PROVIDED MATERIAL:
BEGIN
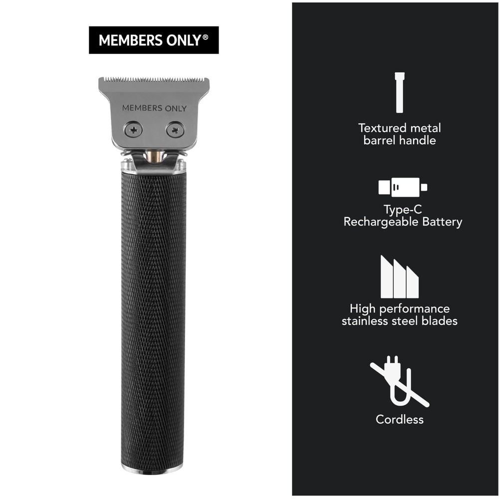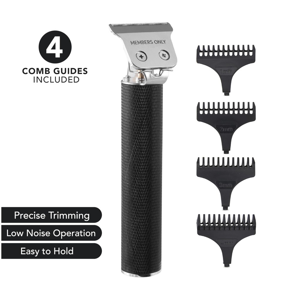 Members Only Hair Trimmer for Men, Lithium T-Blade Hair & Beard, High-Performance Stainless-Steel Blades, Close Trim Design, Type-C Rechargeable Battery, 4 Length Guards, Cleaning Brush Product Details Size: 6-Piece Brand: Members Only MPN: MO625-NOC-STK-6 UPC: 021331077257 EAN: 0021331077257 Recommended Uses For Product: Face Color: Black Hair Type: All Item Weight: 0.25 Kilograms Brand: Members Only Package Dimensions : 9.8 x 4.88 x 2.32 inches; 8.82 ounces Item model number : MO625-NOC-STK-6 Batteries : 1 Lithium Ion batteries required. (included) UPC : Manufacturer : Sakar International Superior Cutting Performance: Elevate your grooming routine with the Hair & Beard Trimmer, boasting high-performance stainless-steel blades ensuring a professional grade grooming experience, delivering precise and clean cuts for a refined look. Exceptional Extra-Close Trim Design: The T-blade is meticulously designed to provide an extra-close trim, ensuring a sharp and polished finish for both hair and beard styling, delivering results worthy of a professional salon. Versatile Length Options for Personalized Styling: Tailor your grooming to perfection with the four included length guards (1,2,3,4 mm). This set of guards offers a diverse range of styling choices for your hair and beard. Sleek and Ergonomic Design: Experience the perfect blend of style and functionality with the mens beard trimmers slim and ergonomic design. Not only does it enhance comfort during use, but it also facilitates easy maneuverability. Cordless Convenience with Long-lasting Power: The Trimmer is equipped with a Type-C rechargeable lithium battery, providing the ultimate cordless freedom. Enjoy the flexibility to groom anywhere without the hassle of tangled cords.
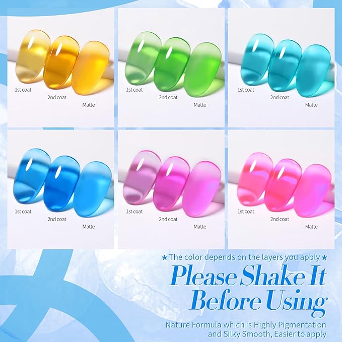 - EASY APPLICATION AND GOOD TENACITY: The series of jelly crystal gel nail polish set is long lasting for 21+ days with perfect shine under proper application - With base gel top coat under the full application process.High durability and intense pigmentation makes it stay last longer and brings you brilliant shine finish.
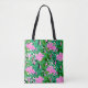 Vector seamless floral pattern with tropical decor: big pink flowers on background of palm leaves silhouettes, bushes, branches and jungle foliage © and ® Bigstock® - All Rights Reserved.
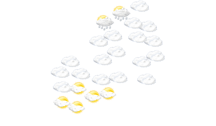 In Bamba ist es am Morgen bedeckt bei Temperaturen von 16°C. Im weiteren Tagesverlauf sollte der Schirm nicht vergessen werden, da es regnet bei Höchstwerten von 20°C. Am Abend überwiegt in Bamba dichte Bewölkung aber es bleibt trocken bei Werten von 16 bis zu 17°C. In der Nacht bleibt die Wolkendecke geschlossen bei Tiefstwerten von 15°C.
END
BEGIN
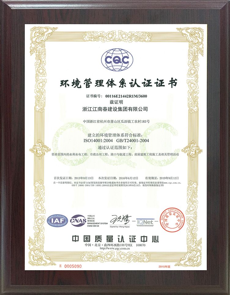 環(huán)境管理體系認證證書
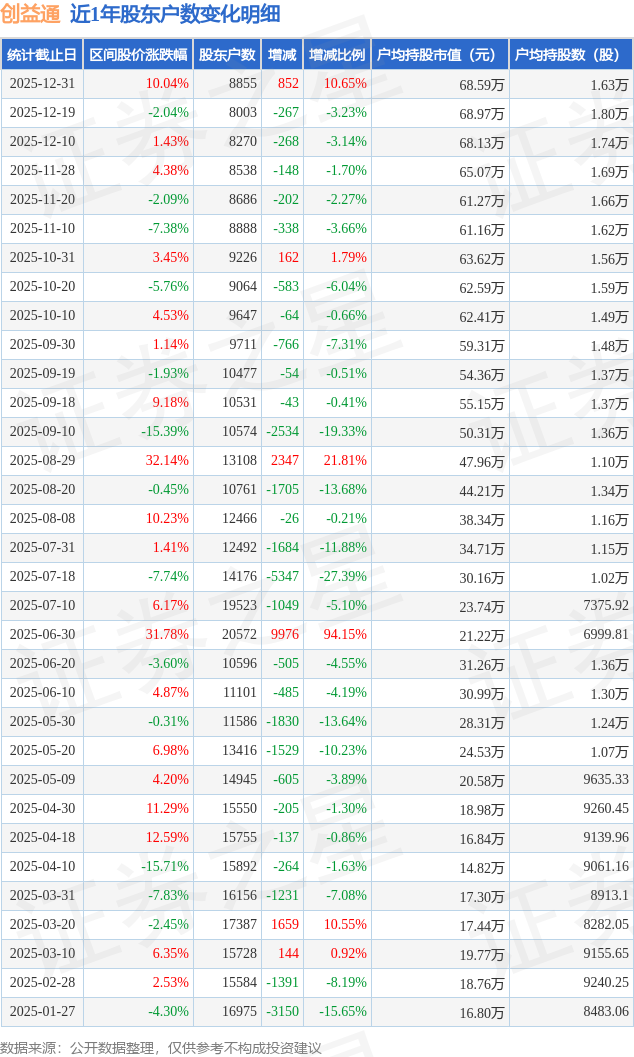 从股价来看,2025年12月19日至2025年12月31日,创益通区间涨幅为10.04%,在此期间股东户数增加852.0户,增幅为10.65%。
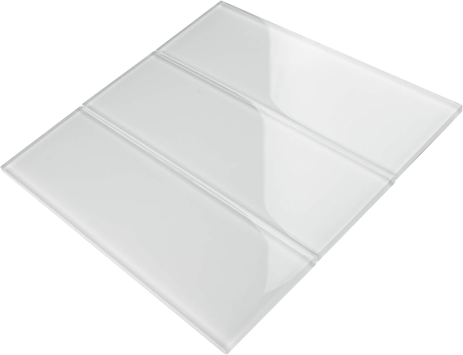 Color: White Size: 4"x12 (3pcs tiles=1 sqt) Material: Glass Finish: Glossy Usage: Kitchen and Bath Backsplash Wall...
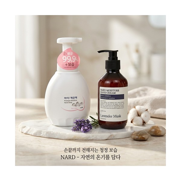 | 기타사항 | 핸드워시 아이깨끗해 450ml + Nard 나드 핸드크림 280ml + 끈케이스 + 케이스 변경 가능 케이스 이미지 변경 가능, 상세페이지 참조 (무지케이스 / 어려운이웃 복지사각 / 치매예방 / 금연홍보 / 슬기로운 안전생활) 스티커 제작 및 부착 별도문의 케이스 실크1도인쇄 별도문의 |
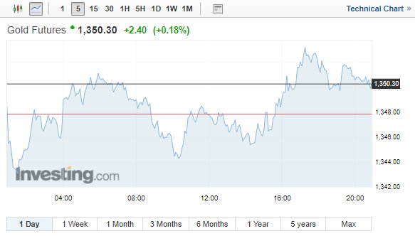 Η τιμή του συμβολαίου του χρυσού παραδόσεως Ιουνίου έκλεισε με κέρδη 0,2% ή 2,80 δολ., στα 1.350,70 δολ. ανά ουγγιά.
END
BEGIN
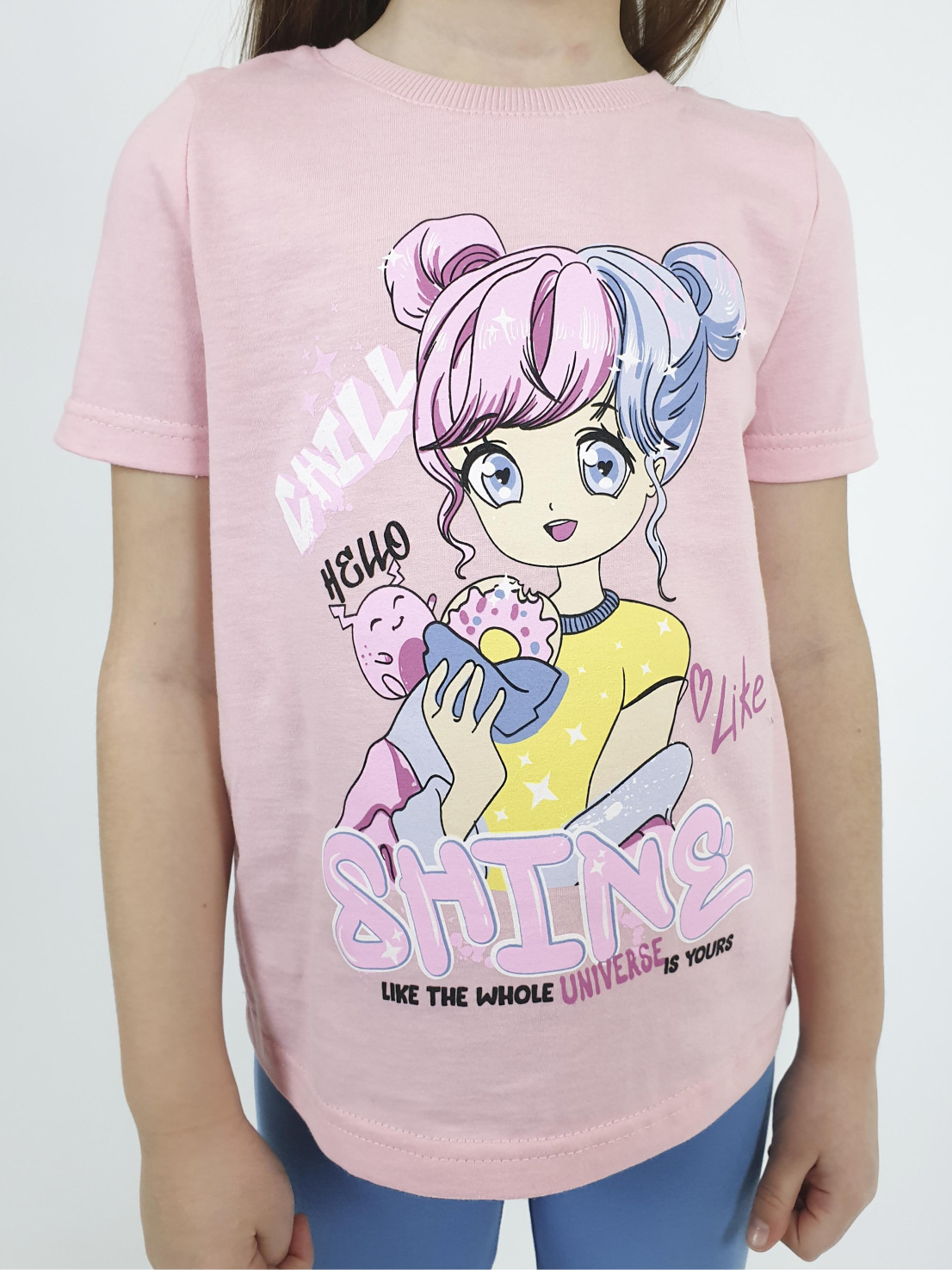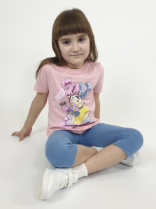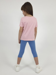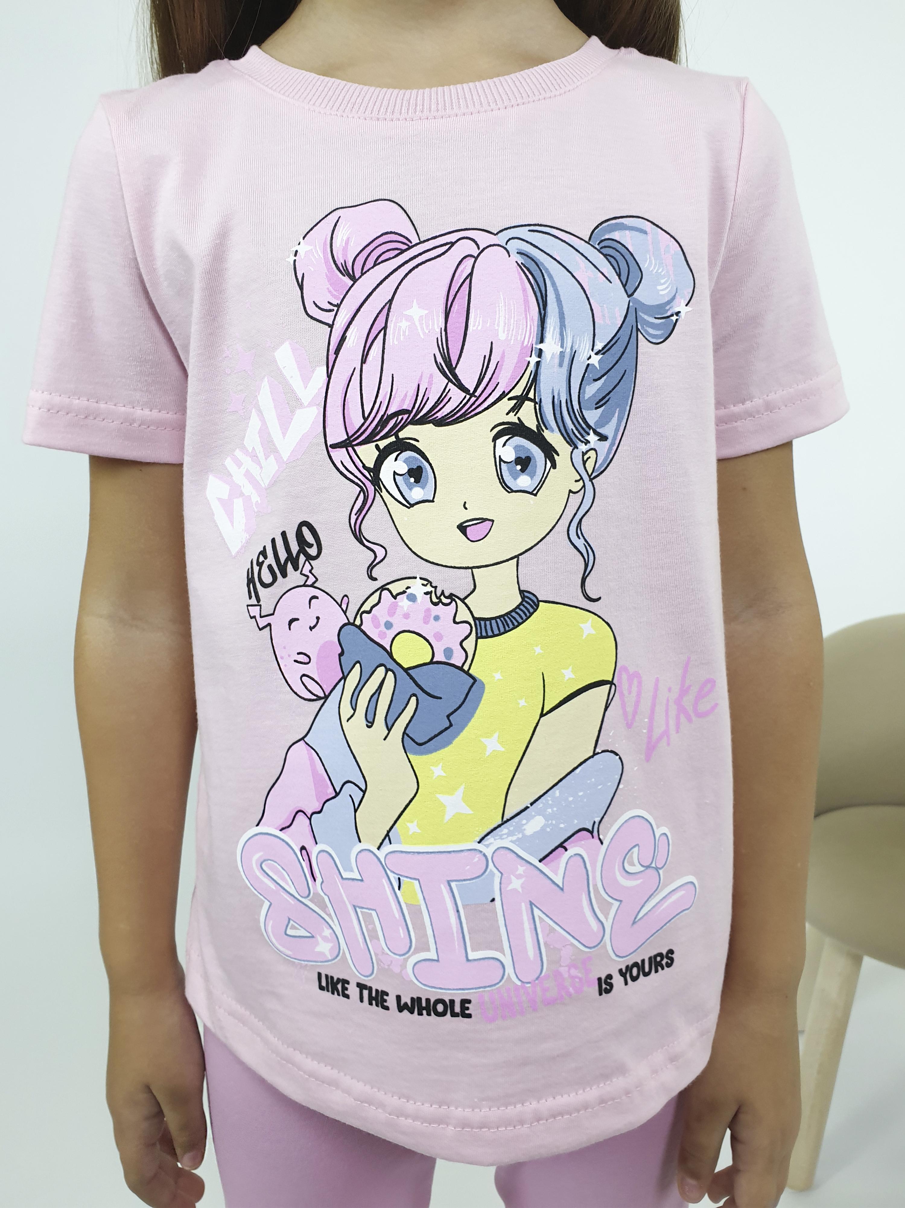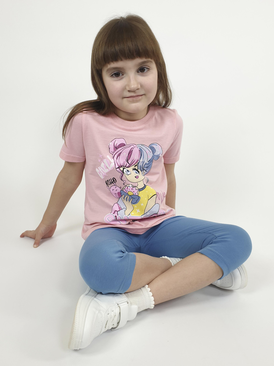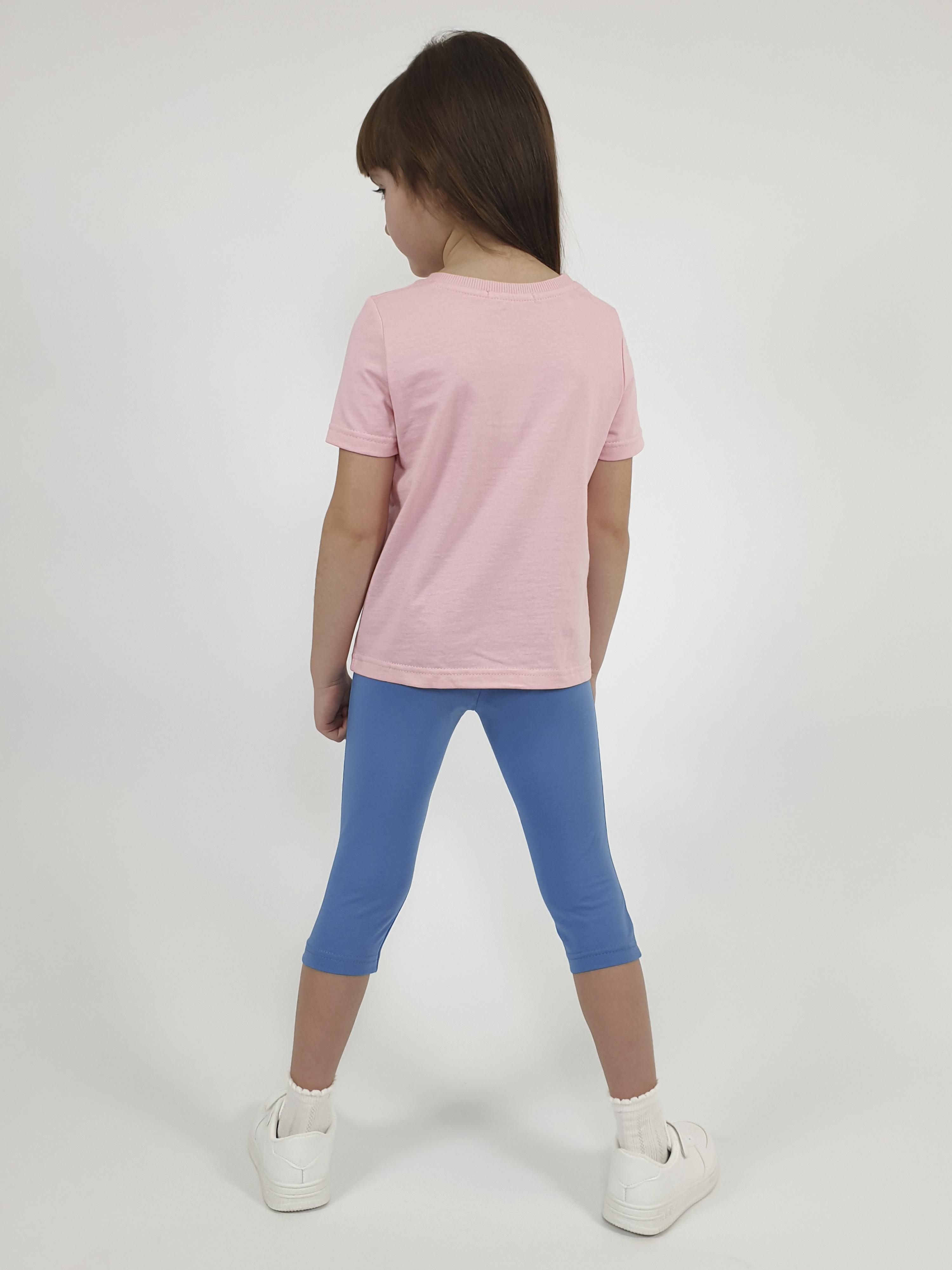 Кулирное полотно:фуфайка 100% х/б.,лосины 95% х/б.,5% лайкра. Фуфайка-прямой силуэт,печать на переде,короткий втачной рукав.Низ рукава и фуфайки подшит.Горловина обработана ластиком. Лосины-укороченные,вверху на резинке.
END
WORK REQUIRED: Leave out every picture, and copy exactly the lines above starting at the one holding "Bath Backsplash Wall..." and ending at the one holding "Η τιμή του συμβολαίου", no more and no less.

RESPONSE TO THIS TASK:
 Color: White Size: 4"x12 (3pcs tiles=1 sqt) Material: Glass Finish: Glossy Usage: Kitchen and Bath Backsplash Wall...
 | 기타사항 | 핸드워시 아이깨끗해 450ml + Nard 나드 핸드크림 280ml + 끈케이스 + 케이스 변경 가능 케이스 이미지 변경 가능, 상세페이지 참조 (무지케이스 / 어려운이웃 복지사각 / 치매예방 / 금연홍보 / 슬기로운 안전생활) 스티커 제작 및 부착 별도문의 케이스 실크1도인쇄 별도문의 |
 Η τιμή του συμβολαίου του χρυσού παραδόσεως Ιουνίου έκλεισε με κέρδη 0,2% ή 2,80 δολ., στα 1.350,70 δολ. ανά ουγγιά.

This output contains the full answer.